Smoke-no I didnt mean partially backcutting. When I say domino, I mean domino falling, that is pushing over a tree (or trees) with another tree. Like if you put an undercut and buckcut&wedge in one tree (or trees) that is not leaning favorably and then you hammer it with another tree that is easy to fall. In B.C. I think you are only allowed to push one tree with another. There have been fatality investigations that revealed a faller had cut up over a couple of dozen trees, intending to push them with one, hence domino. But one of the trees got him. Just wondered what you guys do when the pressures on.


----------



## smokechaser (Mar 3, 2005)

Sorry incomplete description on my part. 
We are not supposed to drive trees down with other trees. One reason I choose not to is to the jack strawed mess that you left with takes more time to limb and buck if your going into that operation next. Besides if you miss or worse, hang one up in the other tree, chunking down a hanger is a pain in the rear.


----------



## Old Monkey (Mar 6, 2005)

I learned to fall big trees (got my "C" cert) on the Entiat hotshots up in North Central WA. We used argue about the difference between humboldt cuts and standard cuts. They said the humboldt cut makes the tree go down "harder" and is better if you are trying to get the tree down through a thick canopy. I thought that was BS. Do you guys have an opinion on that? Now that I do treeservice work I only use Humboldts occasionally; if the wood is going to be milled, if it's on the downhill side on a steep slope where the standard would impractical, if I'm trying to fall it uphill and want it to secure itself on the stump(I am aware that this is a dangerous practice), or if it is so large that the wedge is going to be a pain to remove. I think that a Humboldt is much more exacting. The backcut and the face have to be real even or things don't work out well. I had to do multiple humboldts on eucs one time with a 3120, my arms hung limply at my side after that day.


----------



## clearance (Mar 7, 2005)

Old Monkey- your closing line is from an old stones song right? Anyways interesting talk here about undercuts. I think that if you use a humboldt the tree is really gone when it falls, no coming back. Whether or not it makes the tree go harder,I don't know, but a shallow undercut makes it jump off the stump, causing it to smash through standing timber better (scary, with all the sh#t that goes flying).Like you said about making the undercuts line up, it can be quite difficult especially if you have to two side it. The humboldt is just a upside down conventional undercut, the more you do it the easier it is. Back in the old days, before powersaws, they never used a humboldt, worked for them. Humboldts the best undercut because you don't have to trim the butt and the undercut falls on the ground, if your logging that is.


----------



## Old Monkey (Mar 7, 2005)

clearance said:


> Old Monkey- your closing line is from an old stones song right?
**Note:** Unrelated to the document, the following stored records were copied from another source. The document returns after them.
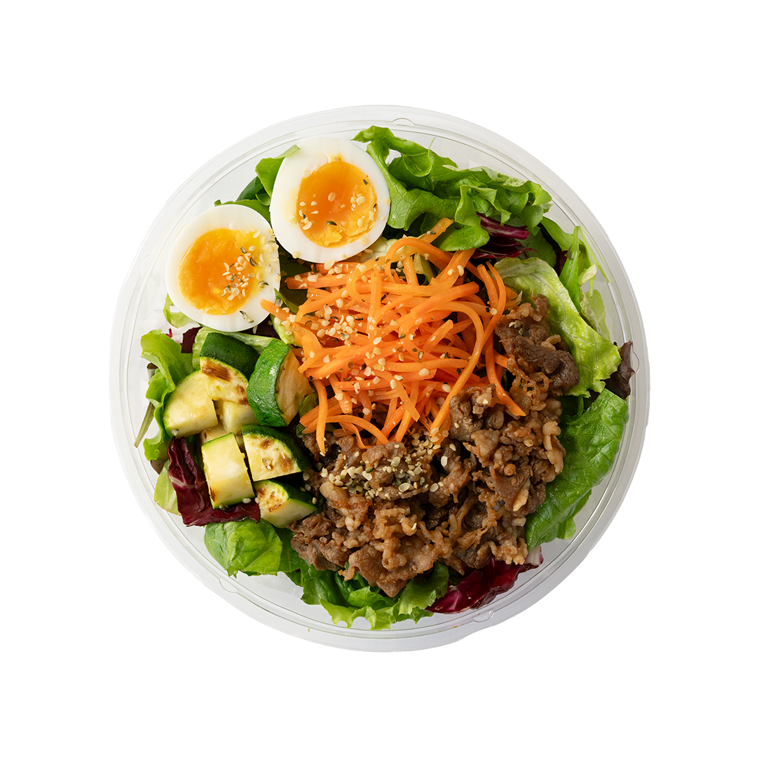 ピリ辛の牛カルビにとろーりたまごとにんじんラぺ、低カロリーでヘルシーなズッキーニを合わせています。辛じょっぱい味にさっぱり甘いラぺの相性は最高です。
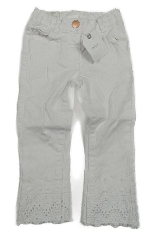 Nové - biele skinny rifle s kvetmi a madeirou Next
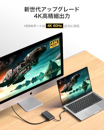 USB-C PDポートとUSB-C (5Gbps) x1とUSB-A x1、USB-A 2.0 x2、4K@60Hz対応のHDMI x2、Ethernetを備えたUSB-Cハブ。
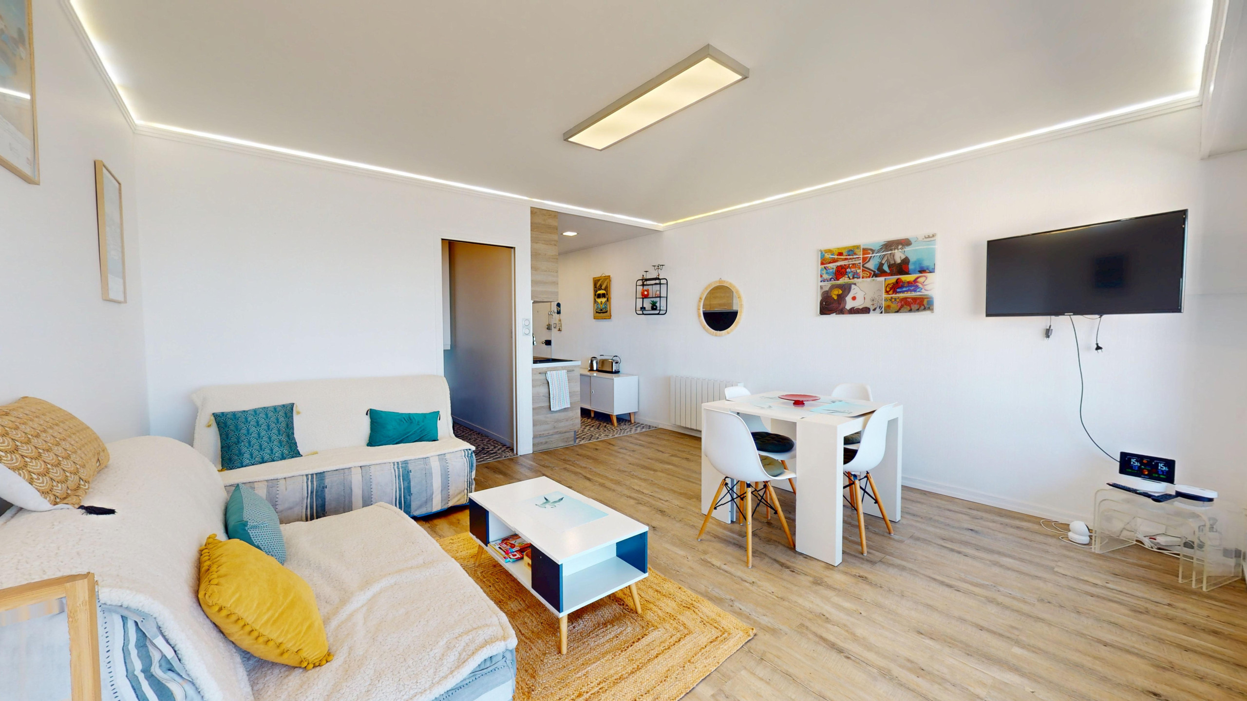 Le logement comprend une chambre confortable avec un lit double 140x190, parfaite pour des nuits reposantes. Dans le séjour, un canapé-lit double 140x190 permet d’accueillir deux couchages supplémentaires. Le petit salon cosy, équipé d’une télévision, invite à la détente après une journée à la plage.
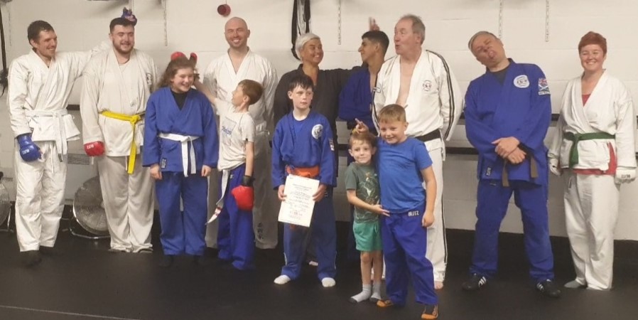 Frankie was given his completed certificates by Sensei Jane Saunders and Shihan Smith at the Bootle Dojo.
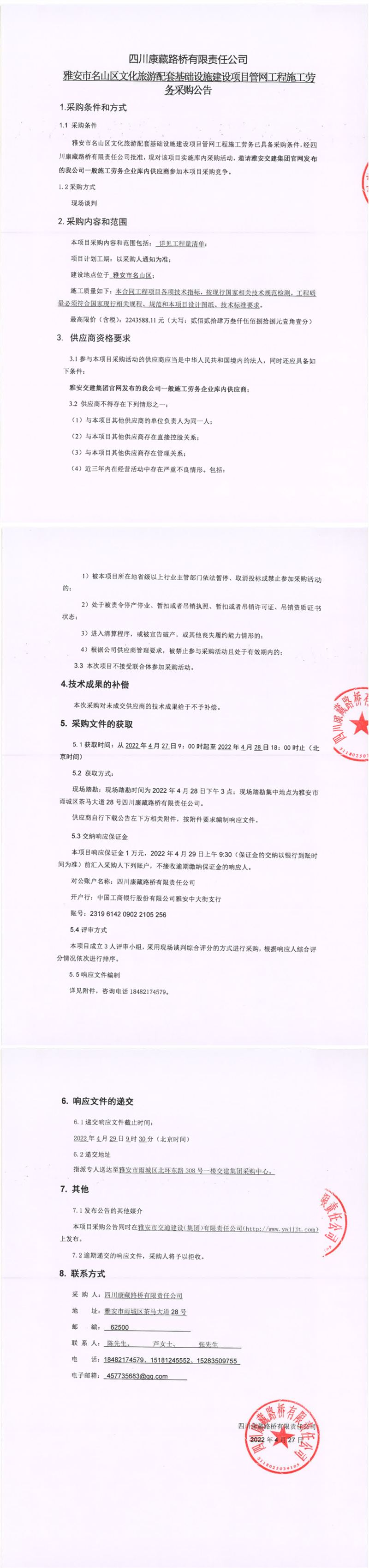 四川康藏路橋有限責任公司雅安市名山區(qū)文化旅游配套基礎(chǔ)設(shè)施建設(shè)項目管網(wǎng)工程施工勞務(wù)采購公告
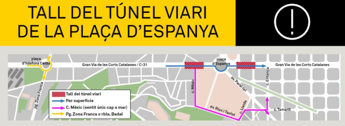 Entre l’1 i el 10 d’abril es tancarà el túnel viari de la Gran Via a la plaça Espanya, en sentit entrada a la ciutat, per treballs previs de les obres
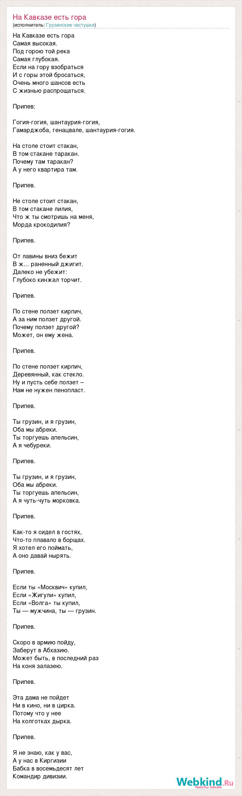 На Кавказе есть гора Самая высокая. Под горою той река Самая глубокая. Если на гору взобраться И с горы этой бросаться, Очень много шансов есть С жизнью распрощаться. Припев: Гогия-гогия, шантаурия-гогия, Гамарджоба, генацвале, шантаурия-гогия. На столе стоит стакан, В том стакане таракан. Почему там таракан? А у него квартира там. Припев. Не столе стоит стакан, В том стакане лилия, Что ж ты смотришь на меня, Морда крокодилия? Припев. От лавины вниз бежит В ж... раненный джигит. Далеко не убежит: Глубоко кинжал торчит. Припев. По стене ползет кирпич, А за ним ползет другой. Почему ползет другой? Может, он ему жена. Припев. По стене ползет кирпич, Деревянный, как стекло. Ну и пусть себе ползет – Нам не нужен пенопласт. Припев. Ты грузин, и я грузин, Оба мы абреки. Ты торгуешь апельсин, А я чебуреки. Припев. Ты грузин, и я грузин, Оба мы абреки. Ты торгуешь апельсин, А я чуть-чуть морковка. Припев. Как-то я сидел в гостях, Что-то плавало в борщах. Я хотел его поймать, А оно давай нырять. Припев. Если ты «Москвич» купил, Если «Жигули» купил, Если «Волга» ты купил, Ты — мужчина, ты — грузин. Припев. Скоро в армию пойду, Заберут в Абхазию. Может быть, в последний раз На коня залазею. Припев. Эта дама не пойдет Ни в кино, ни в цирка. Потому что у нее На колготках дырка. Припев. Я не знаю, как у вас, А у нас в Киргизии Бабка в восемьдесят лет Командир дивизии.
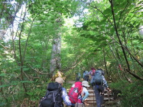 森の中を登って行きます |
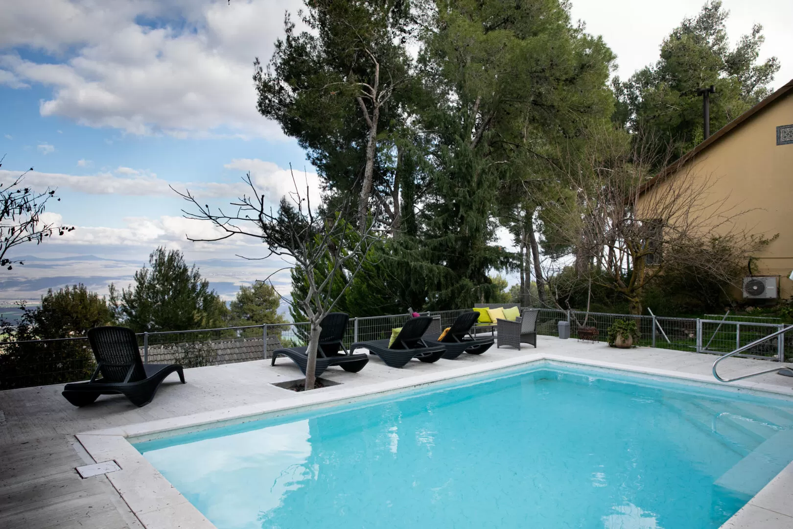 יציאה מהקומה התחתונה מוליכה אותנו אל מרפסת אחורית נעימה עם פינות ישיבה. משם מתגלה לו שביל קסום שחלקו מדרגות, והוא ייקח אתכם עד לאזור הבריכה של המתחם, או אל תוך החורש לטיול ספונטני. אזור הבריכה פתוח אל הנוף (שהוא באמת נדיר כאן). זוהי בריכה בנויה בגודל 4X6 מטר ומחוממת (עונתית -לא בחודשי החורף) עם פינות ישיבה נעימות שצופות לרכס הגולן ולחרמון. אין ספק שבקיץ מדובר בתענוג צרוף.
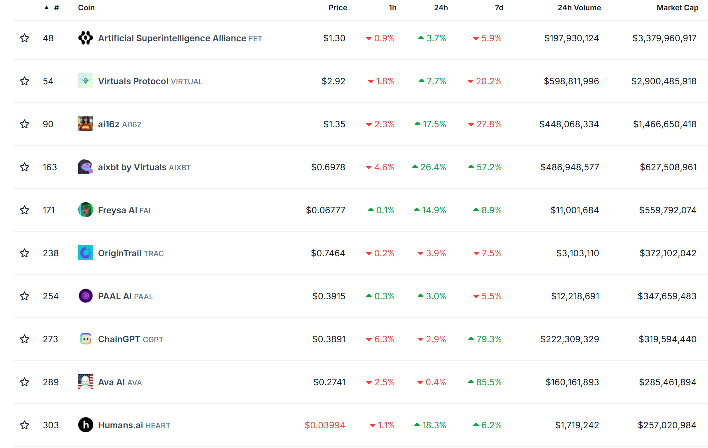 Tương tự, AI16z đã tăng 17.5% và đang giao dịch ở mức 1.35 USD tại thời điểm viết bài. Các token liên quan đến AI khác cũng có sự chuyển động tích cực. AIXBT tăng mạnh 28%, đạt khoảng 0.7 USD, trong khi token Artificial Superintelligence Alliance tăng 3.7% trong 24 giờ qua.
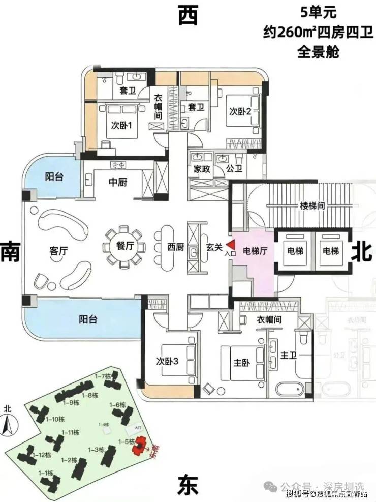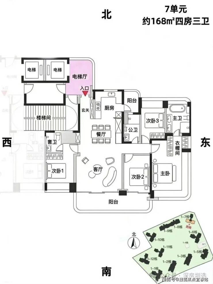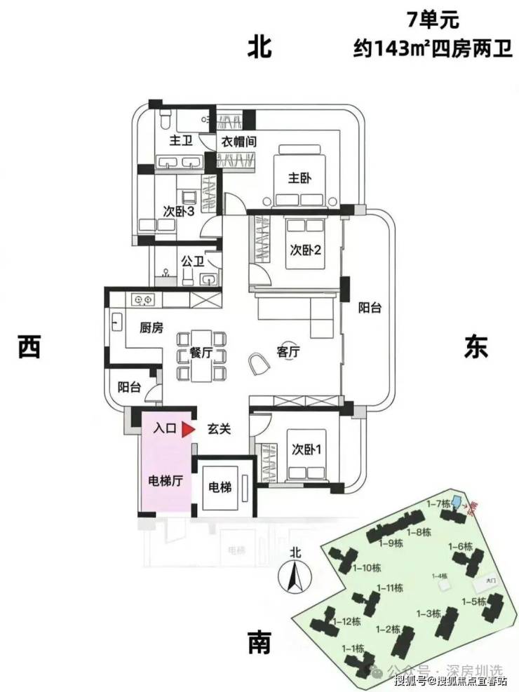 最低楼层22层,最高24层,楼层分布每楼层2-3户;地下1层,采用架空车库方式抬高地势。整体将打造约20来层的高层社区,规划容积率仅3.4,小区呈围合排布,居住密度较低。
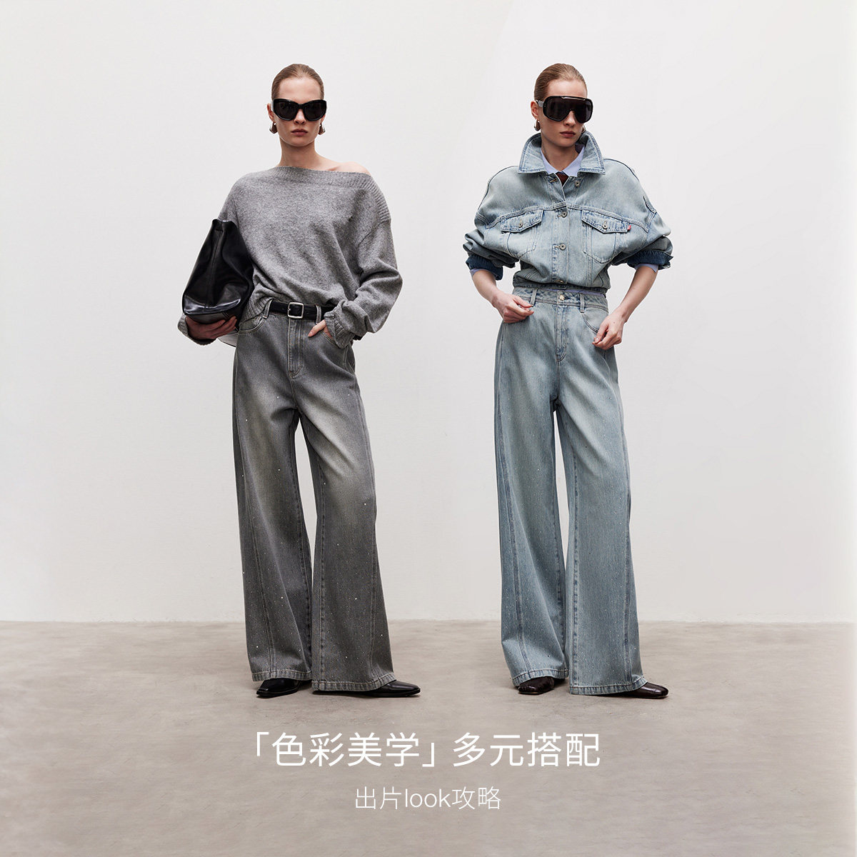 【满天星】ONLY2026春季新款闪耀水钻点缀设计高腰宽松直筒牛仔裤
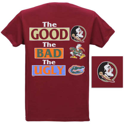 Garnet t-shirt features The Good, Bad, and Ugly graphic on back with Seminole head logo at left breast.
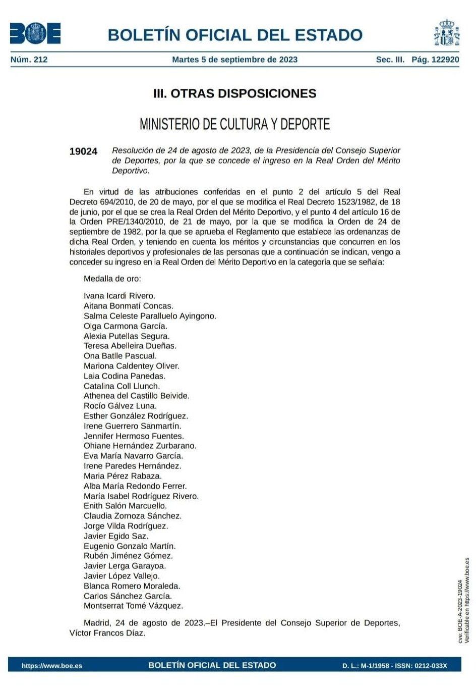El Gobierno se confundió a Ivana Andrés, capitana de la selección española femenina y reciente campeona del mundo, con Ivana Icardi, influencer argentina y hermana del futbolista Mauro Icardi, a la hora de publicar en el Boletín Oficial del Estado la lista de jugadoras que iban a recibir la medalla  al Mérito Deportivo por su hazaña en el Mundial.
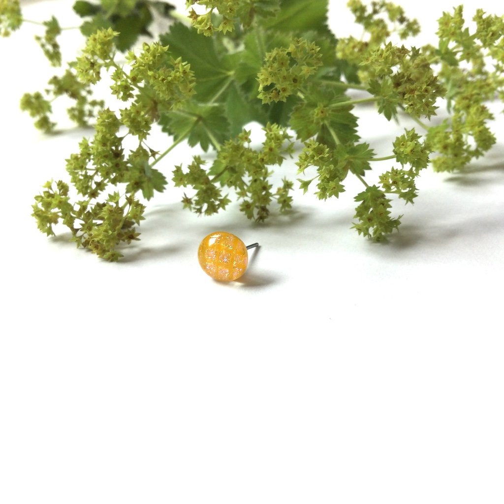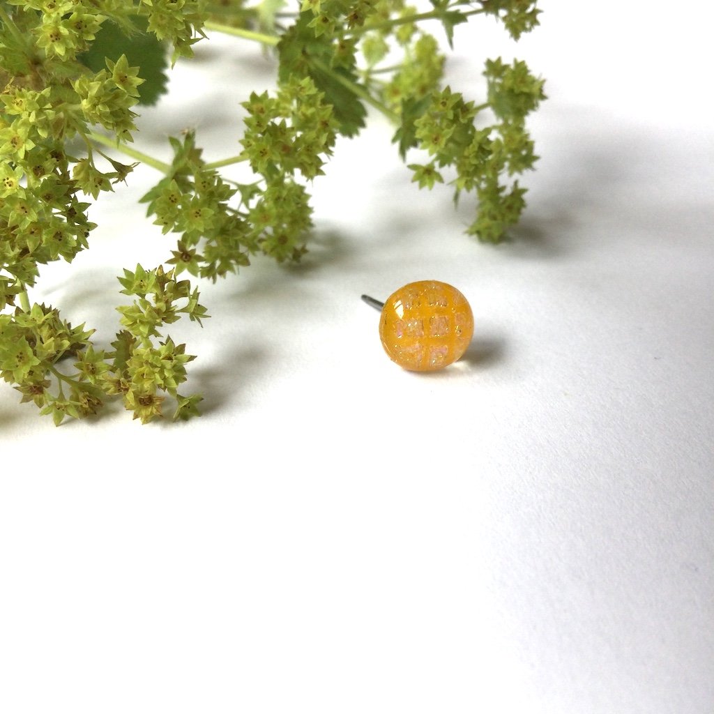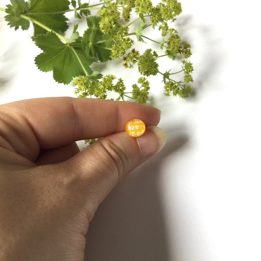 Pecka je vyrobena z dichroického skla žluté barvy barvy s blyštivými čtverečky.
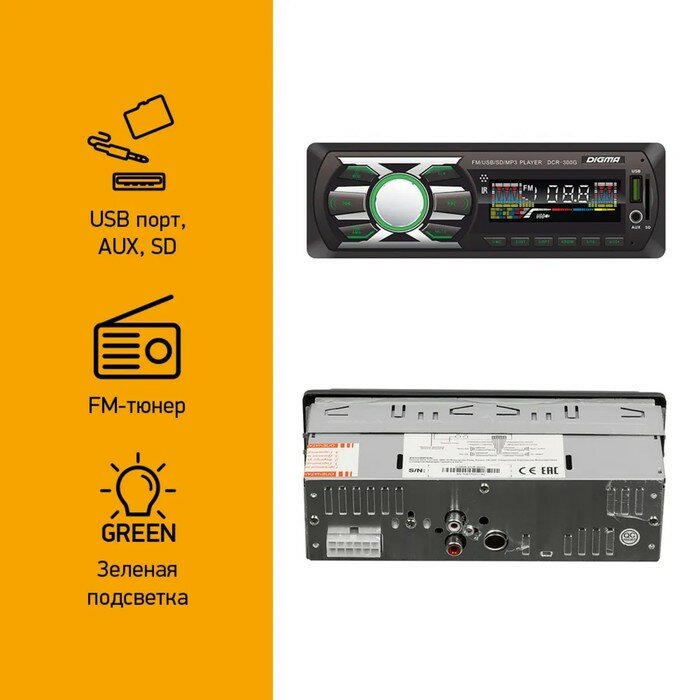 Лучшие цены. Не секрет, что машина давно уже перестала восприниматься как просто средство передвижения, и водители покупают всё лучшее для своих железных коней. Автомагнитола Digma DCR-300G — идеальный выбор, если вы ставите целью и улучшение технических характеристик, и поддержание внешнего вида автомобиля. Магазины в вашем городе.
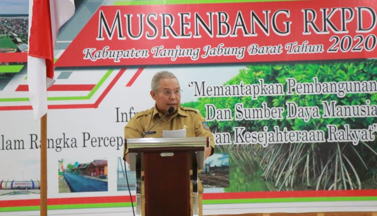 SERAMBIJAMBI.ID, TANJAB BARAT – Bupati Tanjung Jabung Barat DR. Ir. H. Safrial, MS membuka secara resmi Musyawarah Perencanaan Pembangunan rencana kerja Pemerintah Daerah (Musrenbang RKPD) Kabupaten Tanjung Jabung Barat Tahun 2020, Selasa (19/3/19) bertempat di Balai Pertemuan Kantor Bupati.
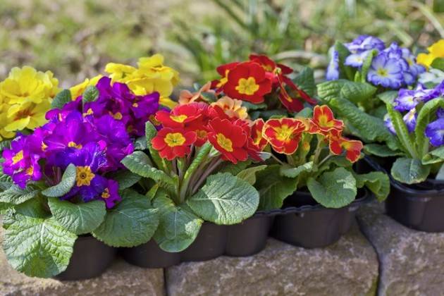 Anda boleh membeli primrose dalam pelbagai jenis perbungaan dan menanam di ambang tingkap atau periuk yang sama dengan campuran bunga.
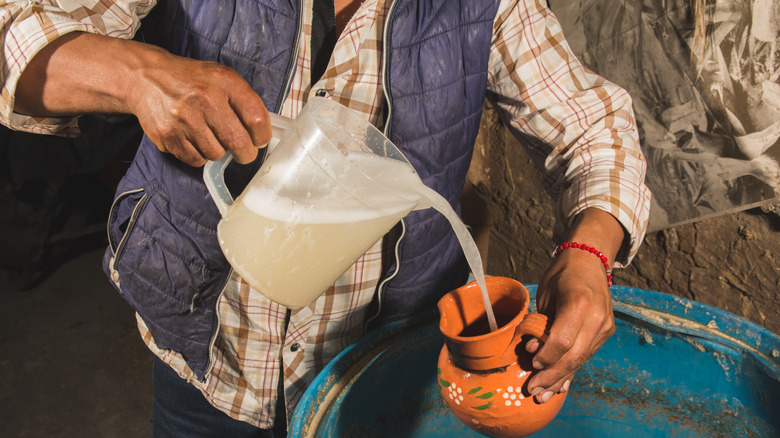 Every culture has its own dishes, and its own alcohols. In Mexico, the apple of Rick Bayless' eye is pulque. This ancient Mexican agave drink is beer-like, per Bayless, and is sourced from a mature agave plant. Mexican spirits experts will know that it's not the same as the popular tequila or mezcal, which are sourced from the heart of the plant. Rather, pulque comes from the sap of the agave, which is called aguamiel.
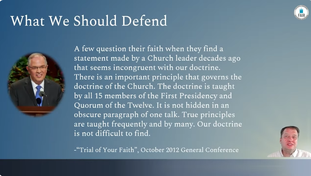 All of this is to say that in defending the Old Testament, we should exercise caution, focusing on defending concepts in the text that rise to the level of confirmed Restoration doctrine.

You got it. It's off of the "Let It Bleed" album. I thought it fit because of all the drug abusing groundies and climbers I've worked with over the years. Nothing like three or four pot breaks during the day to make a climbing job go smoothly! If the job is still not in the can by four o'clock then out come the Redbulls. Sometimes I think I can see their hearts bursting in their chests. :blob5:


----------



## John Ellison (Mar 7, 2005)

A humboldt is no guarantee against coming back off the stump when falling thru standing timber. It can still happen, but I agree it is less likely to than with a conv. face. To save explaining later,we all no that it is dangerous to fall a tree thru standing timber but sometimes it has to be done so you plan accordingly.
Again, I dont know about hardwood but a conventional notch does not have to be trimmed off of a softwood sawlog, unless there is some kind of defect or if it was one of those wide open-open faced notches where a big part of the sawable log is gone.

John


----------



## swampwhiteoak (Mar 7, 2005)

There's no reason a notch would need to be trimmed off on a hardwood sawlog. That portion will be slabbed off anyway, unless you are making ridiculously deep notches.


----------